The warranty of seaworthiness requires that the ship, including the hull,
decks, and machinery, be reasonably fit for the purpose for which they
are used. Plaintiff's allegation that the vessel was unseaworthy because
there was a shortage of crew available to open the stairwell covers and
vent hatches, which lead to his having to perform those tasks alone resulting
in his back injury, was sufficient to raise an issue of fact to be resolved
by a jury. Jones Act: Plaintiff's allegation that the health care
provider assigned by the owner failed to exercise due care when reassigning
plaintiff back to work was a sufficient allegation of Jones Act negligence
to be resolved by a jury.
Grosse
Ile Bridge Co. v. American Steamship
Sixth Circuit Court of Appeals
September 9, 2002
Collisions/Casualties: On September
6, 1992, the M/V H. Lee White, a 700-foot cargo vessel carrying 67 million
pounds of iron ore, struck the Grosse Ile Toll Bridge, a pivot-swinging
drawbridge on the Trenton Channel of the Detroit River.

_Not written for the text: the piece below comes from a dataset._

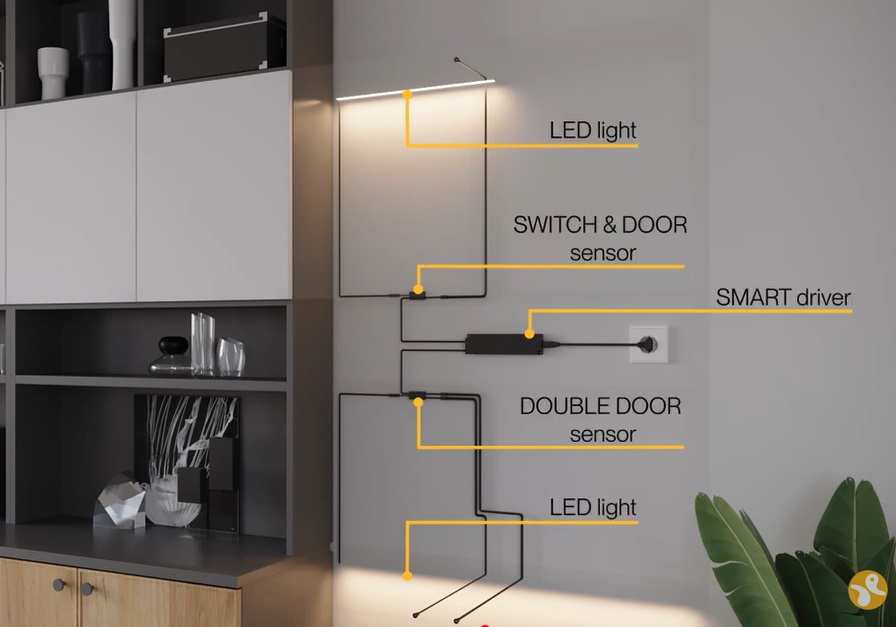 Tas tiek aktivizēts, ja tā 6 cm noteikšanas diapazons tiek traucēts, atverot vai aizverot korpusa durvis. Pateicoties dubultajai lēcai, tas ir ideāli piemērots uzstādīšanai viencauruma korpusos ar divām veramām durvīm, ieslēdzot gaismekli neatkarīgi no tā, kuras durvis ir atvērtas, un uzturot gaismekli ieslēgtu, līdz abas durvis ir aizvērtas. To var savienot ar viedo pārveidotāju, izmantojot vadības portu, ļaujot vienlaikus ieslēgt un izslēgt visus pārveidotājam pievienotos gaismekļus ar vienu sensoru. Šāda veida instalācijā maksimālo jaudu iestata pārveidotājs.
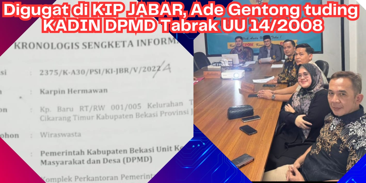 Kabupaten Bekasi.-Kalibernews.net.– Ade Gentong Tokoh Kabupaten Bekasi mengkritik keras terkait penghargaan predikat Kabupaten Informatif yang diterima oleh Kepala Dinas Kominfosantik Kabupaten Bekasi, pada tahun lalu, Ade Gentong menjelaskan kepada awak media Selasa (6/8/2025) bahwa dinas pemberdayaan masyarakat desa (DPMD) dibawah kepemimpinan Rahmat Atong telah mencoreng nama baik kabupaten Bekasi dengan adanya gugatan ke Komisi Informasi Publik (KIB) Jawa Barat.

The district court
properly found that the bridge was at fault for not timely swinging the
bridge open. The district court erred, however, in absolving the vessel
from any fault. Once the captain of the vessel decided to stop short of
the bridge by reversing engines, it was unreasonable to delay dropping
the port-bow anchor which could have stopped the vessel short of the bridge.
Bianco
v. Georgia Pacific Co.
Eleventh Circuit Court of Appeals
September 3, 2002
Longshore & Harbor Workers' Act:
To be eligible for benefits under the Act, a work-related injury must occur
"upon the navigable waters of the United States (including any adjoining
pier, wharf, dry dock, terminal, building way, marine railway, or other
adjoining area customarily used by an employer in loading, unloading, repairing,
dismantling, or building a vessel)." 33 U.S.C. § 903(a). Although
claimant was injured at a sheet rock production plant that adjoined the
navigable waters of the United States, the location of her injury was not
in an area customarily used by an employer in loading, unloading, repairing,
or building a vessel. Claimant was therefore not covered by the Act.